The landscaper was travelling southbound on Dwyer Hill Road at around 9 p.m. when he ran his pickup into a ditch, nearly flipping it. When a man stopped to help, he smelled alcohol on the driver’s breath, then witnessed him stumbling as he walked. Ottawa police arrived and, in the field and later, after his arrest at the station, administered a series of tests. An hour after the accident, the man’s blood alcohol measured 150 mg per 100 ml.

Friedman agreed to these facts.

“Is there any pretrial custody in this matter?” inquired Vaillancourt.

There hadn’t been.

Friedman explained that the landscaper—actually, the general manager of a landscaping business at the time of his arrest—had lost his job because he could not drive in the wake of the charge. He had no criminal record and was “polite, calm, co-operative” in his dealings with police. He was taking this early opportunity to plead guilty.

“I just wish to apologize for what’s happened here today,” the man said after Vaillancourt asked whether he had anything to say.

He said a few more words. Altogether, it was more than Duffy, who’s facing 31 charges of fraud, breach of trust and bribery, has said in or out of court in 23 days of trial.

Friedman asked that his client be levied the minimum fine. Holmes agreed that was appropriate.

Vaillancourt gave the man six months to pay $1,000, plus the victim fine surcharge. He won’t be able to drive for a year. And that was that.

It was all so simple. Perhaps it was, because the courtroom was empty. Minutes earlier, it had been the scene of a sort of lawyers-only stampede: They’d spread through the aisles of the place with their rolling briefcases in tow, like a great herd of buffalo ranging across the tabletop of this country’s great western prairies.

Listen to their names, all those who stood before Vaillancourt as members of the Law Society of Upper Canada: It is a roll call so general in its breadth that it recalls the closing minutes of Romper Room, that children’s show with the infernal bee creature, in which members of the audience were addressed at home through the aid of an allegedly magic mirror.

I see Peter and Jon Doody. I see Senate lawyers Max Faille and Guy Régimbald. I see Tae Mee Park having a special day, and Donald Bayne and Jason Neubauer playing nice.

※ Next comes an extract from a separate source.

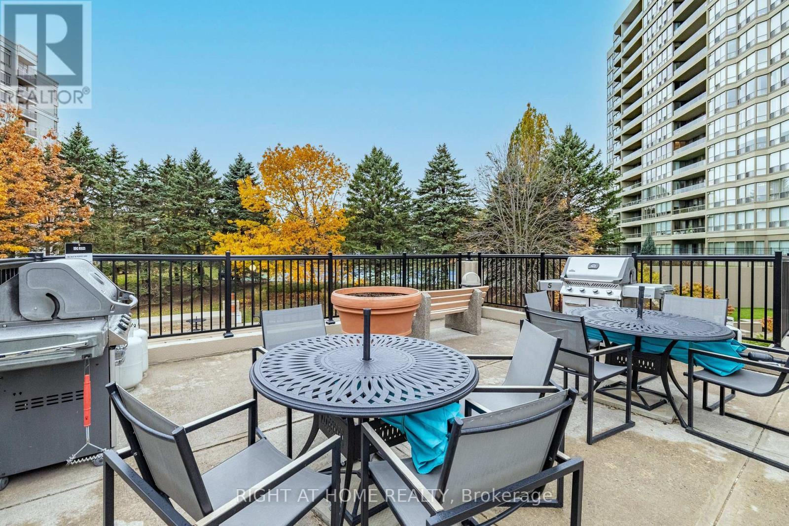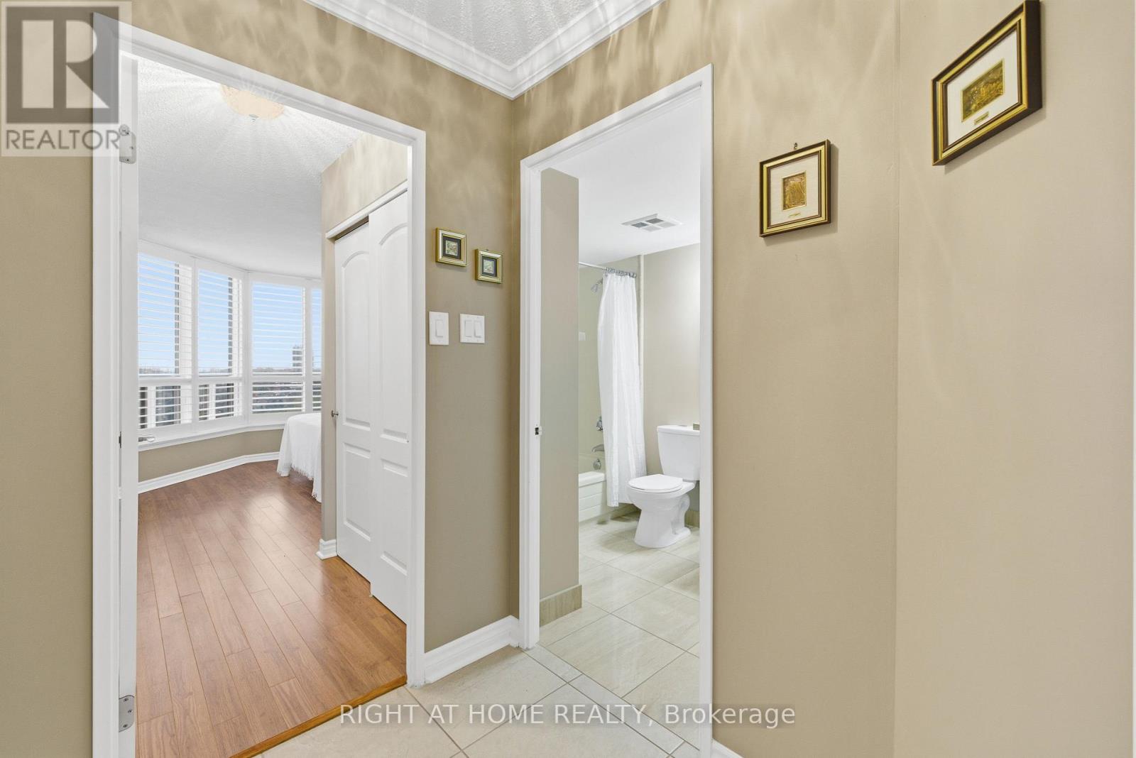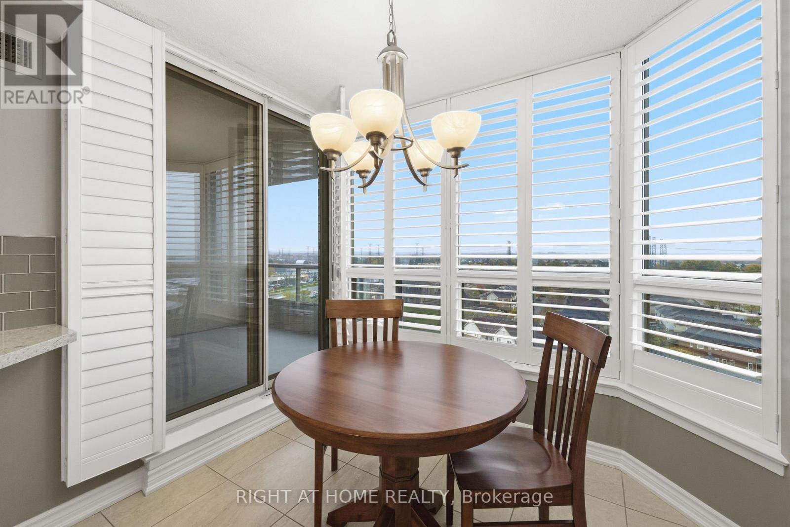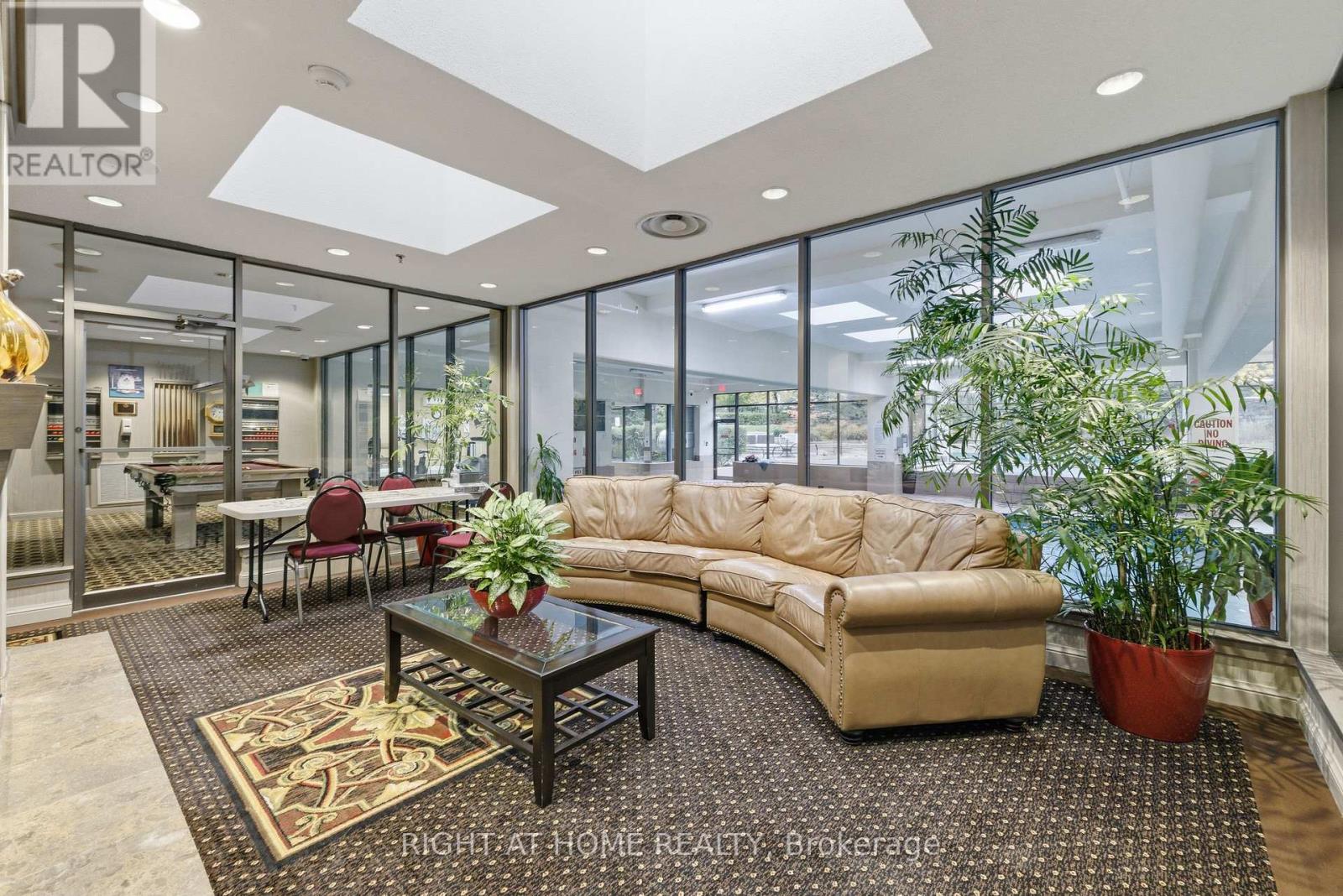 Step into the sought-after Cartier Model, an immaculate corner residence in Tridel's Discovery Place, showcasing nearly 1,500 sq. ft. of bright and well-designed living space. Sunlight pours in through the southeast-facing windows, highlighting the airy layout and offering seamless access to a private balcony-perfect for morning coffee or relaxing evenings. The suite features a spacious formal dining area within the living room, beautifully enhanced by crown moulding throughout, adding an elegant, refined touch to the main living space. The modern kitchen is ideal for everyday living, featuring an eat-in area and generous cabinetry for effortless organization. The entire suite is enhanced by California shutters, lending a bright, clean, uniform, and welcoming look. Both bathrooms are impressively sized and styled with contemporary finishes. For added convenience, the home includes oversized in-suite storage, an additional locker, and underground parking.Residents benefit from the exceptional lifestyle offered by this secure, resort-inspired community, complete with indoor and outdoor pools, hot tub, fully equipped fitness centre, tennis and squash courts, party rooms, guest suites, 24-hour security, and plenty of visitor parking. With all utilities included in the maintenance fees-water, heat, hydro, cable TV, and high-speed internet-daily living is simple and stress-free.Situated steps from Pickering Town Centre, the library, civic centre, parks, recreation facilities, and the GO Station, and minutes from Highway 401, this suite delivers the perfect blend of location, comfort, and convenience (id:64974)

That number of wheelie briefcases is never good for the Crown.

It took Holmes and Neubauer about three whole minutes in front of Vaillancourt this morning to learn that the judge was ruling against them in two matters.

First, a sheaf of paper that Mark Bourrie, an Ottawa freelance journalist, waved around while in the witness box weeks ago, containing Wikipedia entries and discussion threads he said were disparaging of Duffy, won’t be admitted as evidence despite the Crown’s arguments they should be.

Neubauer argued last month that the court required the Wiki papers to ensure the integrity of the record, and he suggested also that their contents weren’t nearly as rotten to Duffy as Bayne had claimed. But, in his ruling, Vaillancourt said Bayne referred to the contents only “marginally,” adding: “I consider them, at best, theatrical props.”

Next, Vaillancourt said he’d admit a Senate report responding to a series of Ernst & Young audits that suggest Senate officials were aware they had expense-claim troubles on their hands, going beyond any single senator. The Crown had called the report inadmissible hearsay. This is good news for Bayne’s defence, and for Duffy.

Then a legal set-to over another Senate report, which Senate lawyers are claiming is covered by parliamentary privilege, was put over until next week, because Vaillancourt granted Tae Mee Park, a lawyer representing a number of media organizations, intervenor status. That’s delayed the preparation of arguments on all sides.

It was a hell of a way to come back to l’affaire Duffy after three weeks away, and it’s fair to say the morning they all spent in Courtroom 33, at Ottawa’s Elgin Street courthouse, stamped itself upon the faces of both Holmes and Neubauer in the form of hangdog expressions.

When Vaillancourt asked whether Crown prosecutors, who’d expected today to get taken up with all those highfalutin arguments over Senate privilege, had any witnesses to call, Holmes shot Neubauer a look that would melt flowers. The Crown didn’t. And so, Vaillancourt called to be given some busywork. Then the landscaper came.